What confused you even more? My statement that gravitational PE increases when an object is raised?

[tex]\Delta KE = \Sigma W_{other} - \Delta E_{int}[/tex]

Ex. Problem using this problem using the equation given above

A crate of mass m = 10.7 kg is pulled up a rough incline with an initial speed of vi = 1.59 m/s. The pulling force is F = 97 N parallel to the incline, which makes an angle of θ = 19.7 with the horizontal. The coefficient of kinetic friction is 0.400, and the crate is pulled d = 5.09 m.

(a) What is the change in kinetic energy of the crate?
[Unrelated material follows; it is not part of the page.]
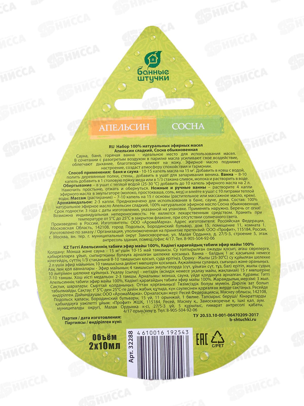 Набор эфирных масел КАПЛЯ"Апельсин+сосна" по 10мл "Банные штучки" *20
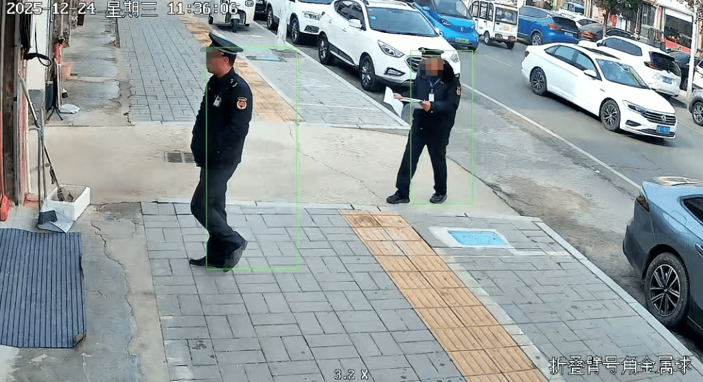 门店监控视频显示,2025年12月23日12时13分,两名身穿城管制服的男子上门检查。因门店喇叭声,听不清城管和朱俊峰的交流内容。

Force done by gravity = -180J

Force done by friction also the change in internal energy = 201J

Force done on the crate = 494J

[tex]\Delta KE = \Sigma W_{other} - \Delta E_{int}[/tex]

=494J + (-180J) - 201J
= 113J
For this problem, internal energy is irrelevant. The change in KE of the object equals the work done on the object by all forces. There are three forces acting on the object that do work: gravity, the applied force, and friction.

Now my question is how is that formula different from the one in my first post.
One key difference is that here you are treating gravity as a force, whereas before you represented gravity using gravitational PE. Either way is fine. A conservative force such as gravity can be represented as a potential energy.
Also why is internal energy considered as friction?
Not sure what you are talking about. For this problem, all you care about is the kinetic energy of the object. (It's true that the work done by friction ends up as random thermal energy, but that's irrelevant.)
If that is the case, what is spring potential energy? I thought that is internal energy
Not sure what you're getting at here. Depending upon how you define your system, you could consider spring PE as an internal energy. But in the same way that you can represent gravity either as a force or an energy, you can represent the action of the spring as either a force or an energy (since the spring force is conservative).

You have two choices in solving problems with conservative forces:

(1) Treat them as forces: ΔKE = Work done by all forces

(2) Treat them in terms of PE: ΔKE + ΔPE = Work done by non-conservative forces

The first is called the "Work-Energy" theorem; the second is called "conservation of energy". But they are equivalent (almost).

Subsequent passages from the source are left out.